-- Opening Marker --

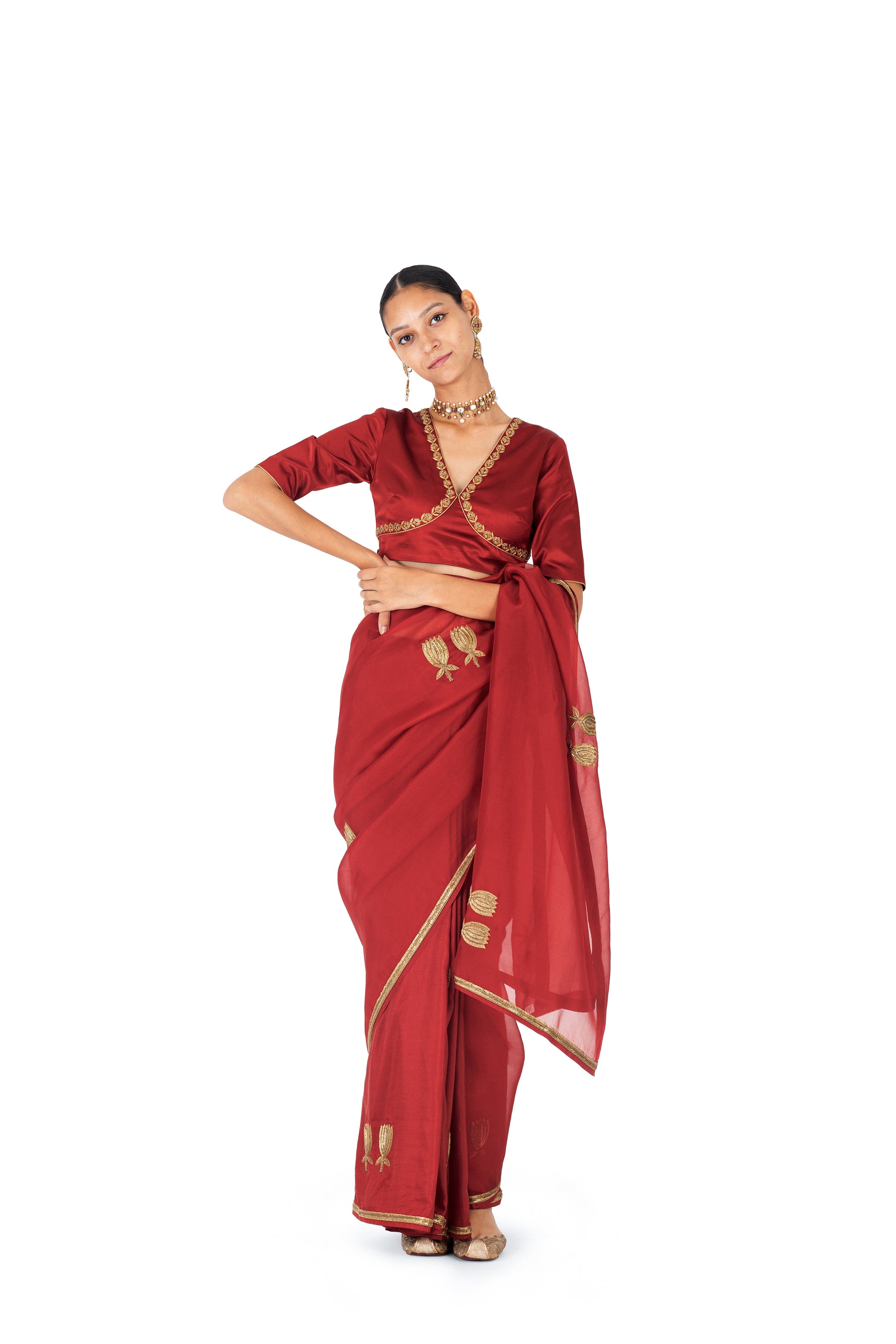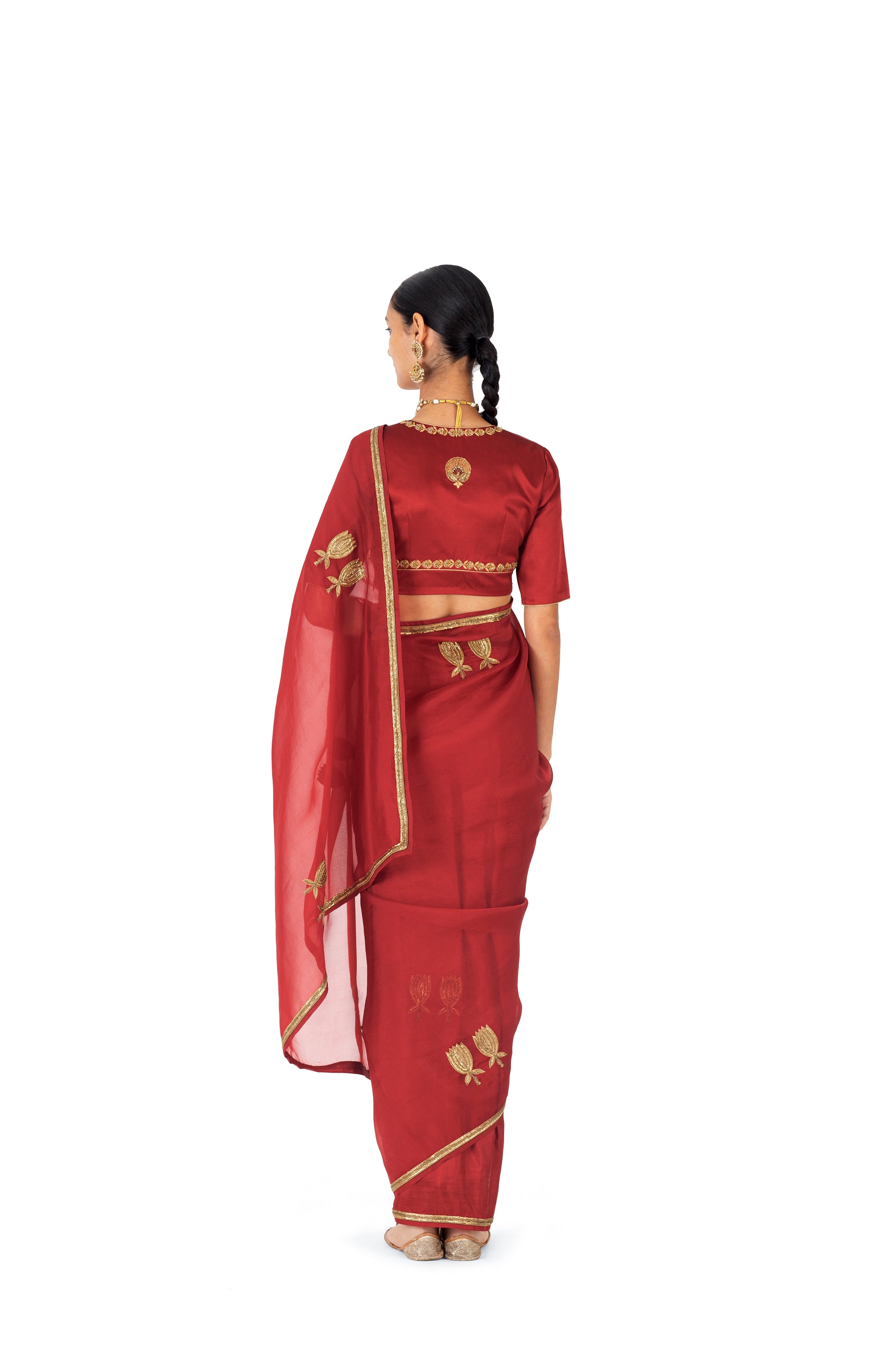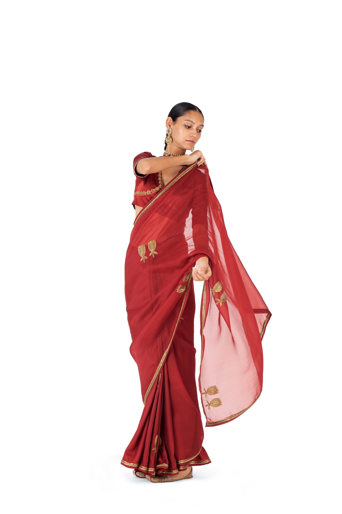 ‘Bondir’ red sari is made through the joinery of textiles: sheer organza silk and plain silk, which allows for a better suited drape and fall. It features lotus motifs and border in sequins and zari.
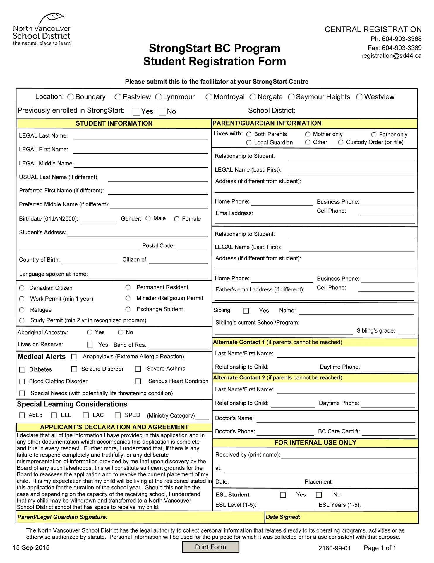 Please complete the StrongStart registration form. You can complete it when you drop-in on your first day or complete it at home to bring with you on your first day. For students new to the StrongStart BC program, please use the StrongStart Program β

-- Closing Marker --
-- Opening Marker --

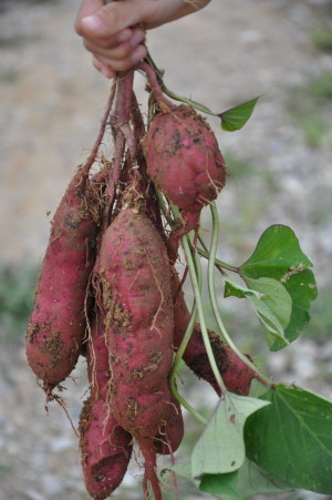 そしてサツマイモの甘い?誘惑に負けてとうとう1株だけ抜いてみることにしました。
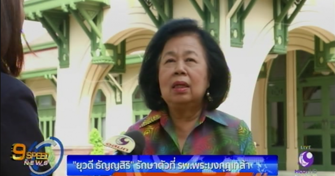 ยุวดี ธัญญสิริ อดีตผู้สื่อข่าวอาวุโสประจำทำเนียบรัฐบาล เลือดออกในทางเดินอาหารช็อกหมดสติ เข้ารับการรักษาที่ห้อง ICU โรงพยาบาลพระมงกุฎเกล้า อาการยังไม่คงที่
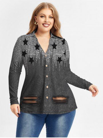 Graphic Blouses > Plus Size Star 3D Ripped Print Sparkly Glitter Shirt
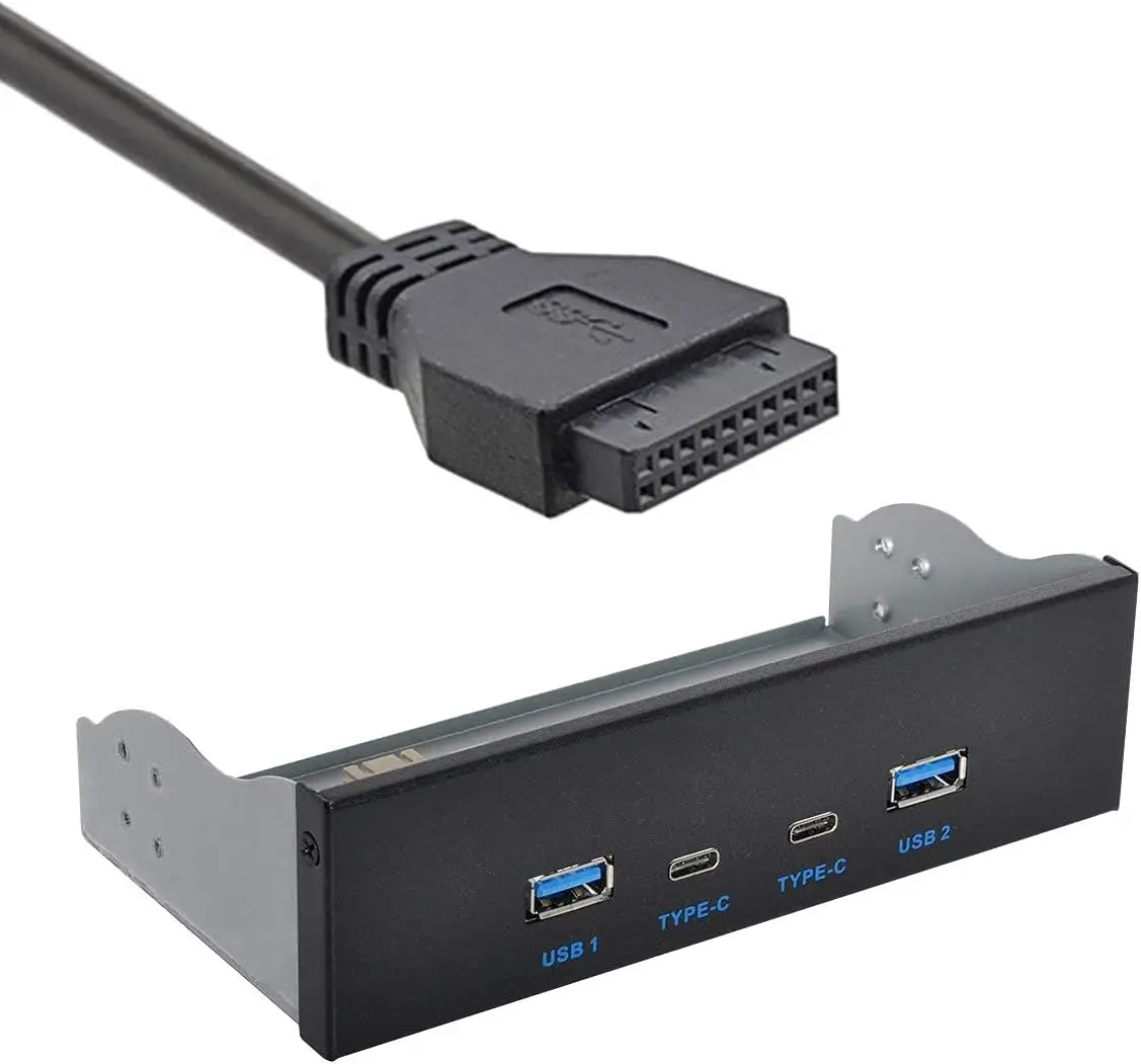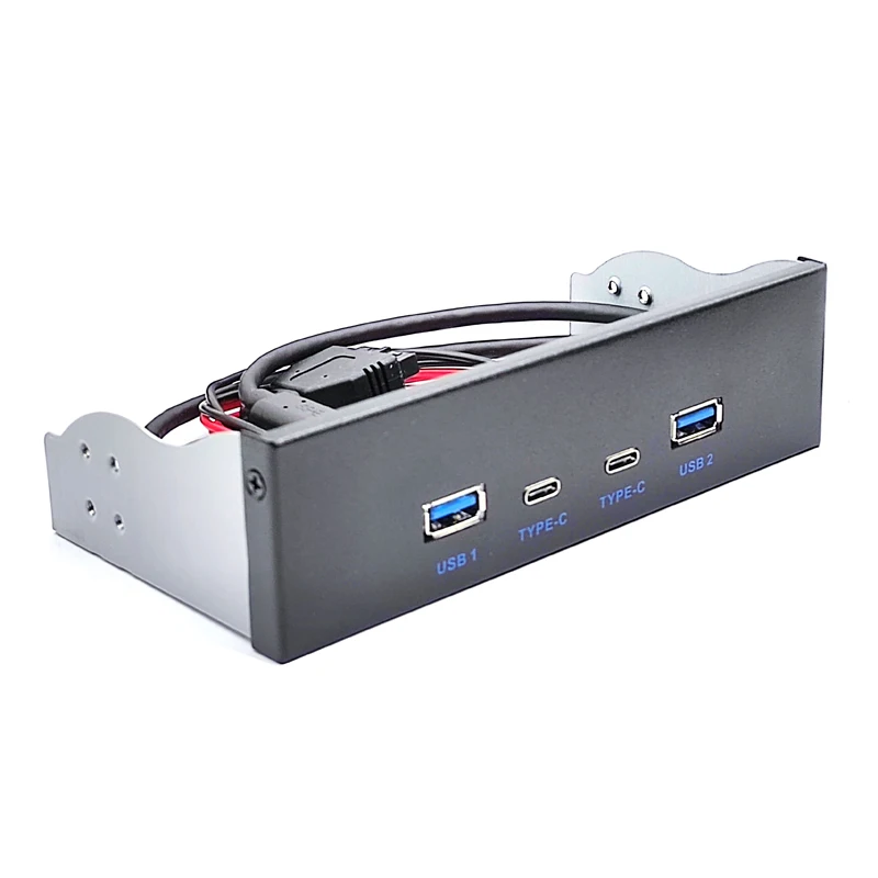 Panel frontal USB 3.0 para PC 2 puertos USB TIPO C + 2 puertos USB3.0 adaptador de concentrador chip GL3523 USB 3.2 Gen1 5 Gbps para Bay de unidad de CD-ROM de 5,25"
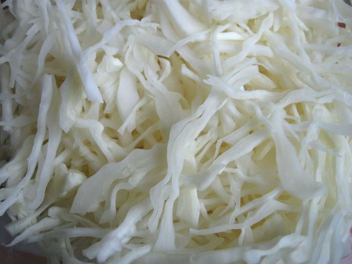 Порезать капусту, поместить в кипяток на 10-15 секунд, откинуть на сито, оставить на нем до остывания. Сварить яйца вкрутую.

-- Closing Marker --
-- Opening Marker --

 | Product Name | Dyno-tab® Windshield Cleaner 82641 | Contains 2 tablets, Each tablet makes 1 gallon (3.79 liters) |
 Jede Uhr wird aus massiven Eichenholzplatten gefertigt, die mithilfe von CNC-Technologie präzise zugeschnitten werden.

-- Closing Marker --

__What the task requires__: In the data above, start at the line holding "sequins and zari." and stop after the line holding "Please complete the"; write out those lines exactly, without pictures.

__Written response__:
 ‘Bondir’ red sari is made through the joinery of textiles: sheer organza silk and plain silk, which allows for a better suited drape and fall. It features lotus motifs and border in sequins and zari.
 Please complete the StrongStart registration form. You can complete it when you drop-in on your first day or complete it at home to bring with you on your first day. For students new to the StrongStart BC program, please use the StrongStart Program β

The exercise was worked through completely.